What is being asked: Please write out every entry below exactly, leaving out any pictures.

#### Data shown ####

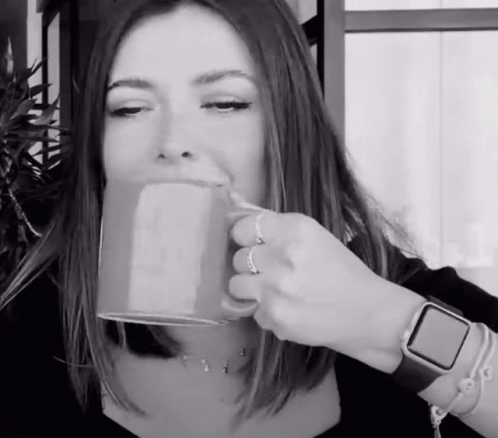 Content Description: a woman drinking a cup of coffee with a watch on
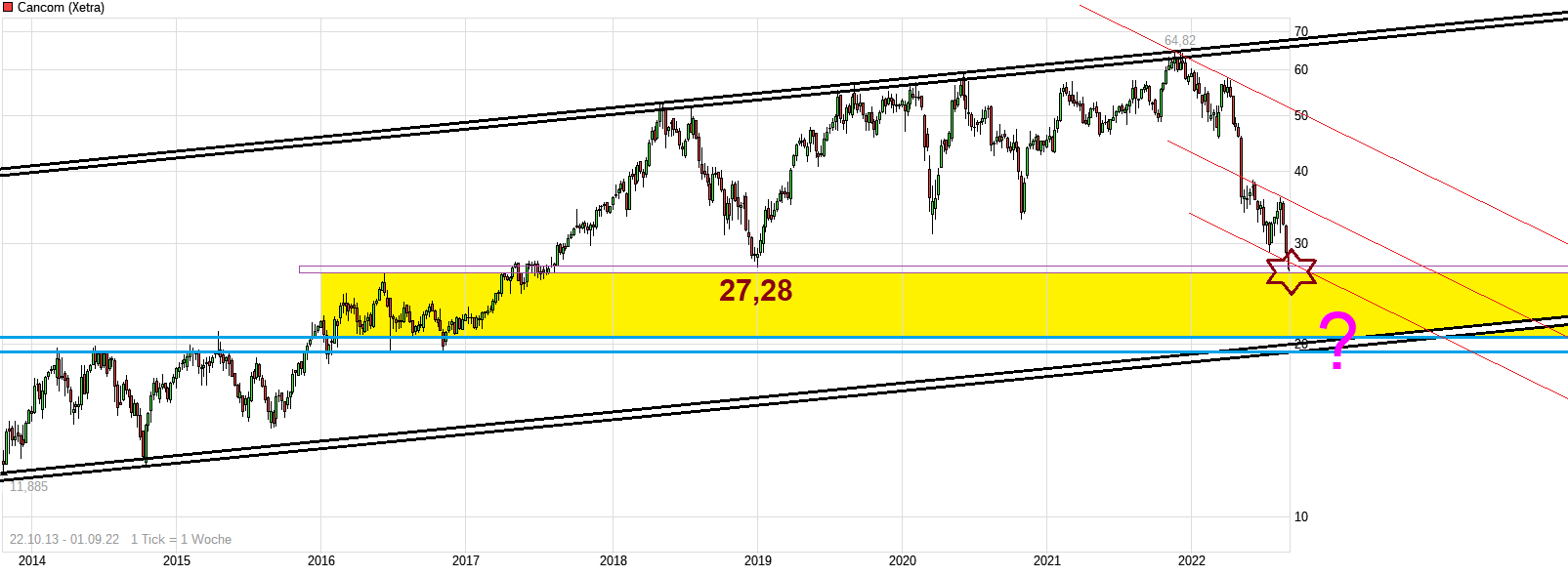 Wenn man sich jetzt nicht schnellstens wieder über die zuvor stützende Region um 27,28€ hocharbeitet, dann fürchte ich es geht hier erstmal weiter südwärts bis tief in den unteren 20er Bereich. Also mal abwarten was der Markt aus der aktuell technisch heiklen Situation macht.
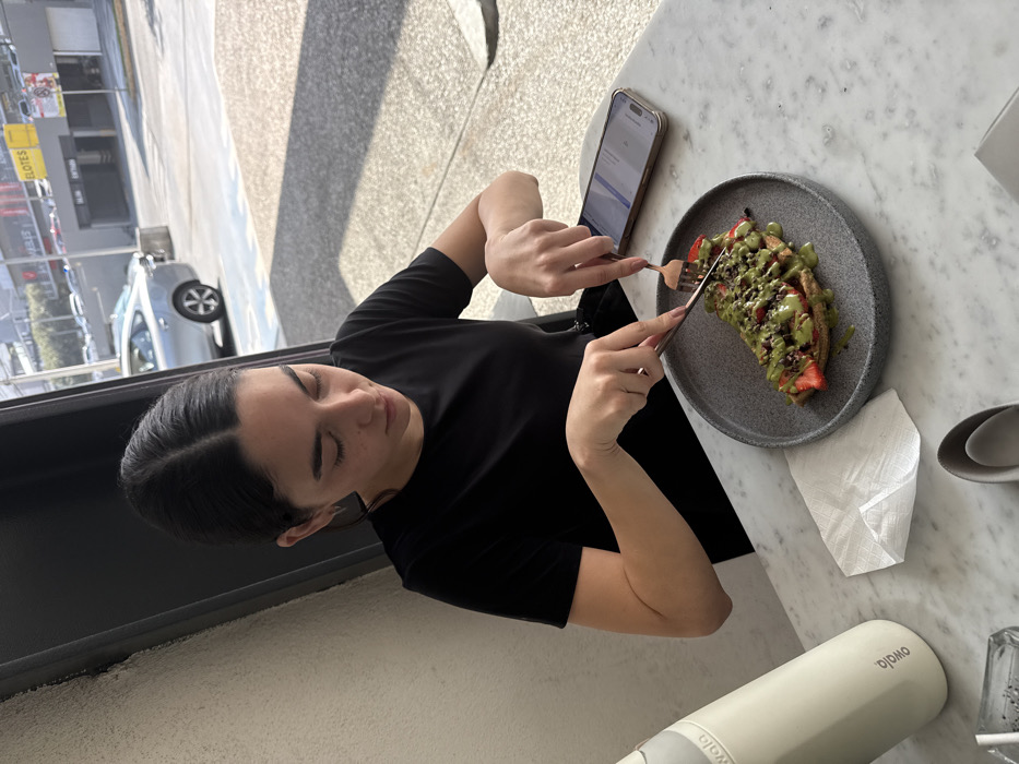- "A woman in a black top sits at a marble table, using a fork to cut into a dessert on a gray plate" by FM-6aVsN2, licensed under CC BY 4.0
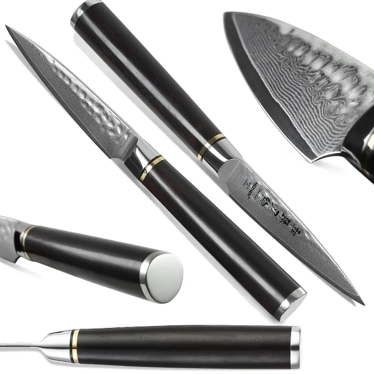 Cuchillo Petty 9cm 10Cr+Damasco Martillado Ebano+Bronce
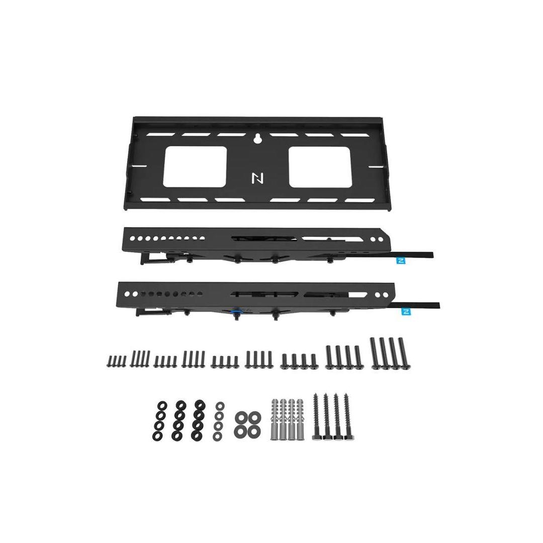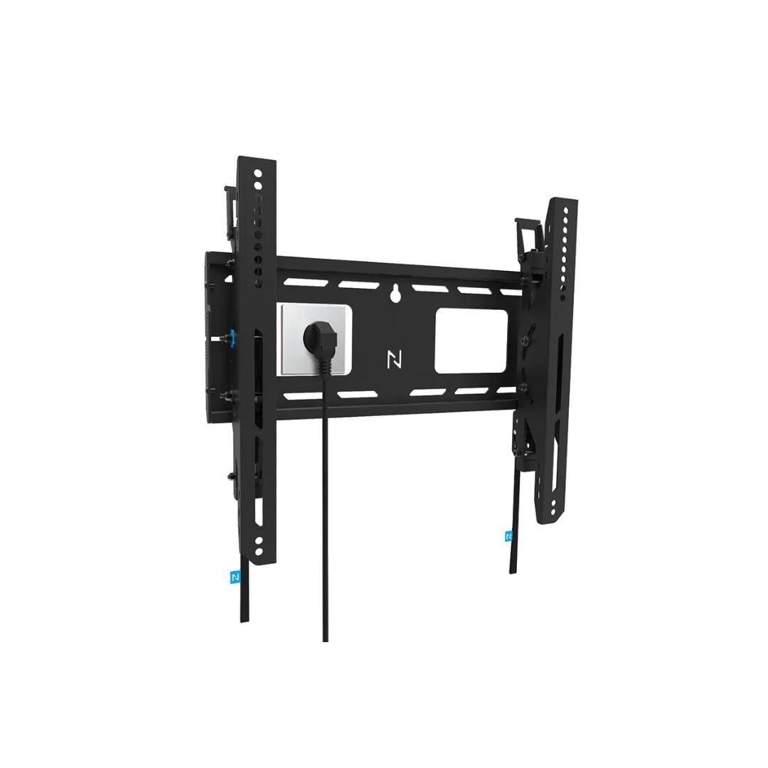 The LEVEL-750 wall mount has a profile of 9,3 cm and is suitable for screens that meet VESA hole pattern 100x100 to 400x400 mm. Its quickly connectable wall plate allows for multiple screen mounting. Additionally, the wall plate is designed with specific cut-outs for wall sockets and securing devices and cables. It features various perforated holes for easy tie-wrap cable fixing and provides space for cable storage, ensuring a clean and tidy finishing.
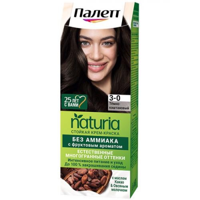 Крем-краска стойкая без аммиака «Палетт Naturia» предлагает уникальное решение для тех, кто стремится к естественному и многогранному цвету волос. Благодаря мультитональным окрашивающим пигментам, краска обеспечивает полное закрашивание седых волос, придавая им насыщенный темно-каштановый оттенок. В состав входят активные компоненты, такие как масло какао, масло кокоса и экстракт ягод годжи, которые не только окрашивают, но и питают волосы, придавая им здоровый вид.Особенности и преимущества
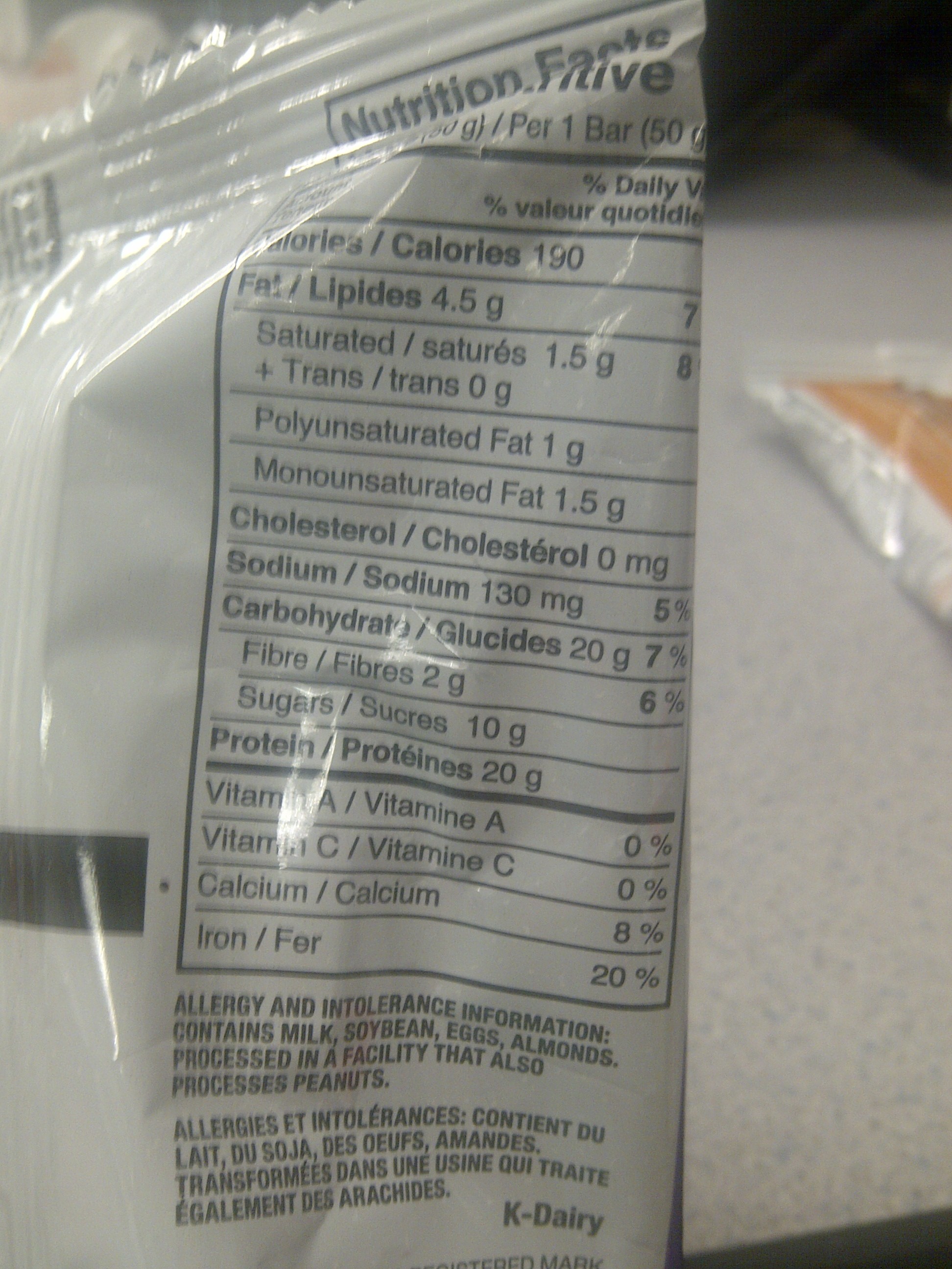 The nutritional info is encouraging. 20 grams of protein with only 190 calories! And that calorie number isn’t because of artificial sweetners!
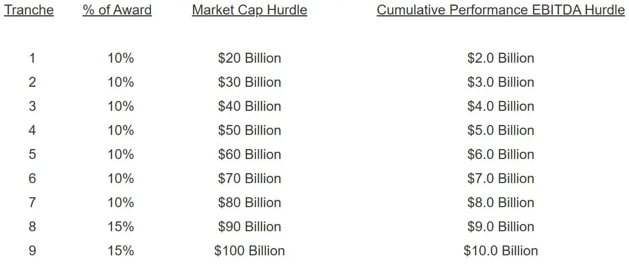 첫 번째 분할금은 회사의 시가총액이 200억 달러에 도달할 경우에만 지급됩니다. 이후 분할금은 회사의 시가총액이 100억 달러씩 증가할 때마다 지급되며, 최종적으로 1,000억 달러에 도달할 때까지 계속됩니다.
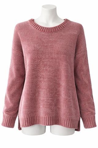 Jersey de punto fino en color rosa. Es una prenda cómoda y versátil. - Cuello redondo. - Manga larga.

####

Answer for this exercise:
 Content Description: a woman drinking a cup of coffee with a watch on
 Wenn man sich jetzt nicht schnellstens wieder über die zuvor stützende Region um 27,28€ hocharbeitet, dann fürchte ich es geht hier erstmal weiter südwärts bis tief in den unteren 20er Bereich. Also mal abwarten was der Markt aus der aktuell technisch heiklen Situation macht.
- "A woman in a black top sits at a marble table, using a fork to cut into a dessert on a gray plate" by FM-6aVsN2, licensed under CC BY 4.0
 Cuchillo Petty 9cm 10Cr+Damasco Martillado Ebano+Bronce
 The LEVEL-750 wall mount has a profile of 9,3 cm and is suitable for screens that meet VESA hole pattern 100x100 to 400x400 mm. Its quickly connectable wall plate allows for multiple screen mounting. Additionally, the wall plate is designed with specific cut-outs for wall sockets and securing devices and cables. It features various perforated holes for easy tie-wrap cable fixing and provides space for cable storage, ensuring a clean and tidy finishing.
 Крем-краска стойкая без аммиака «Палетт Naturia» предлагает уникальное решение для тех, кто стремится к естественному и многогранному цвету волос. Благодаря мультитональным окрашивающим пигментам, краска обеспечивает полное закрашивание седых волос, придавая им насыщенный темно-каштановый оттенок. В состав входят активные компоненты, такие как масло какао, масло кокоса и экстракт ягод годжи, которые не только окрашивают, но и питают волосы, придавая им здоровый вид.Особенности и преимущества
 The nutritional info is encouraging. 20 grams of protein with only 190 calories! And that calorie number isn’t because of artificial sweetners!
 첫 번째 분할금은 회사의 시가총액이 200억 달러에 도달할 경우에만 지급됩니다. 이후 분할금은 회사의 시가총액이 100억 달러씩 증가할 때마다 지급되며, 최종적으로 1,000억 달러에 도달할 때까지 계속됩니다.
 Jersey de punto fino en color rosa. Es una prenda cómoda y versátil. - Cuello redondo. - Manga larga.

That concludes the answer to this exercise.